I know from experience, when I am whirling around thoughts and potentially slipping into a negative thought pattern, the basic chore of cleaning is my go to. I know, dull eh?! But seriously, focussing on simple tasks like washing down the skirting boards, dusting or cleaning the windows can be enough distraction to prevent you from losing yourself further, without it being a overwhelming task.

Some days I’ve actually washed down all the paint work in my house as the whole process began to feel really productive and moved a grey headspace into a few shades lighter.

For someone else it could be weeding, raking leaves, painting etc as long as it doesn’t require too much brain power but enough to keep you focused on something else. And the empowering part of this is that at the end you have achieved completing a job that felt so mundane the week before. – Win Win!

When is this not productive?

crop woman dusting lamp during housework

This type of activity is wonderful when performed sporadically to get you through moments of lows, negative thought loops, anxious spells etc but can be a ‘go to’ avoidance tactic for many.

Let me explain.

When people hit tricky times, they deal with it in a way that they have become accustomed to. Some will talk about it with a few close friends or a professional, others may take to their beds for a few days to retreat back, some will become the victim, others may deal with it privately until they understand it better.

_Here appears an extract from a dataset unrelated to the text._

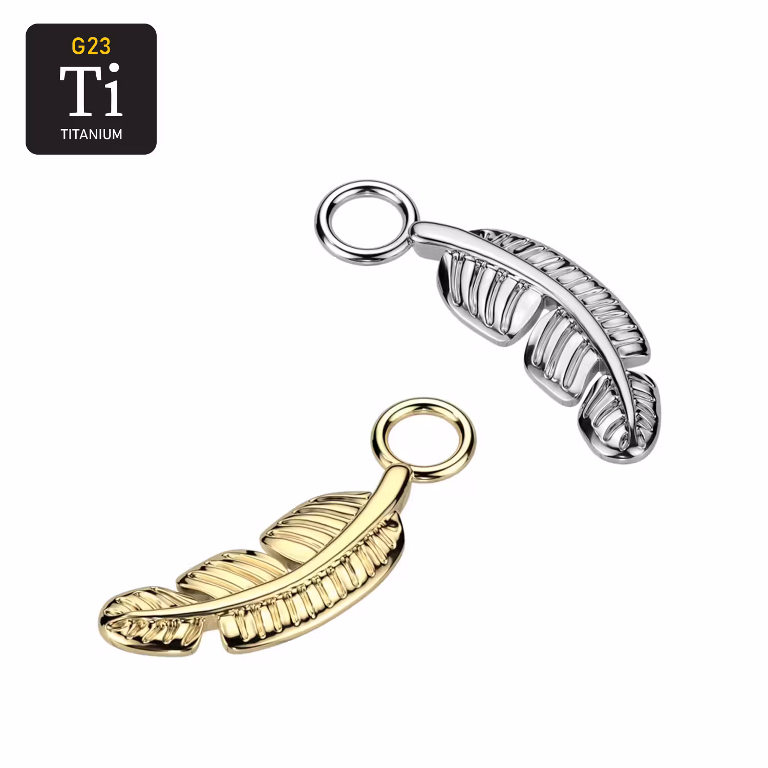 Hänge i ASTM-F136 G23 Titan. Den färgade varianten är PVD-pläterad.

Then there are the people who busy themselves soooo much with duties, socials, chores and work so they can escape from their pain in reality. Like I mentioned earlier, temporary distraction can work wonders but how long is it healthy to ignore the pink elephant in the room?

So, the way I have learnt to deal with difficult times is to use the gift of balance.

Research shows us that productivity and distraction during these times are valuable to coping, moving our thoughts momentarilly and feeling satisfied with simple production.

Research also shows us that burying our pain, trauma, confusion for great lengths of time without giving it moments of focus, will only supress the feelings rather than resolve and move past them.

Constant busying can be a Reg Flag to someone’s display of survival. Regular distraction is absolutely perfect, complete avoidance is harmful.

If you are feeling that you couldn’t possibly stop running around being busy through fear of what you may feel, try allowing yourself moments during the day where you can sit and chat to someone or journal, maybe cry, potentially speak to a professional to allow the pain to release from your body.

Allow time that you may understand your situation further and digest it without overwhelm.

I understand that our feelings and emotions can scare us. The reality of what we may have to deal with can be something we would rather not peer to closely at. I have spoken to many friends and clients over the years that are in fear of crying in-case they are unable to stop.

Now imagine all that pain being pushed down to the pit of your stomach and the bottom of your heart and in your subconscious mind. Imagine all those tears, the anger, the fear, the pain being squished up into a little ball and being trapped inside you.

These feelings can manifest into bitterness, low self worth/love, mistrust, anger issues, depression to name a few.

These feelings are natural in response to the situation that occured.

Imagine going to see your favourite comedian and me asking you not to laugh once.

It’s not bleedin natural is it??

Release your pain, allow yourself to be, talk when you need to, be free from pain and live fully again.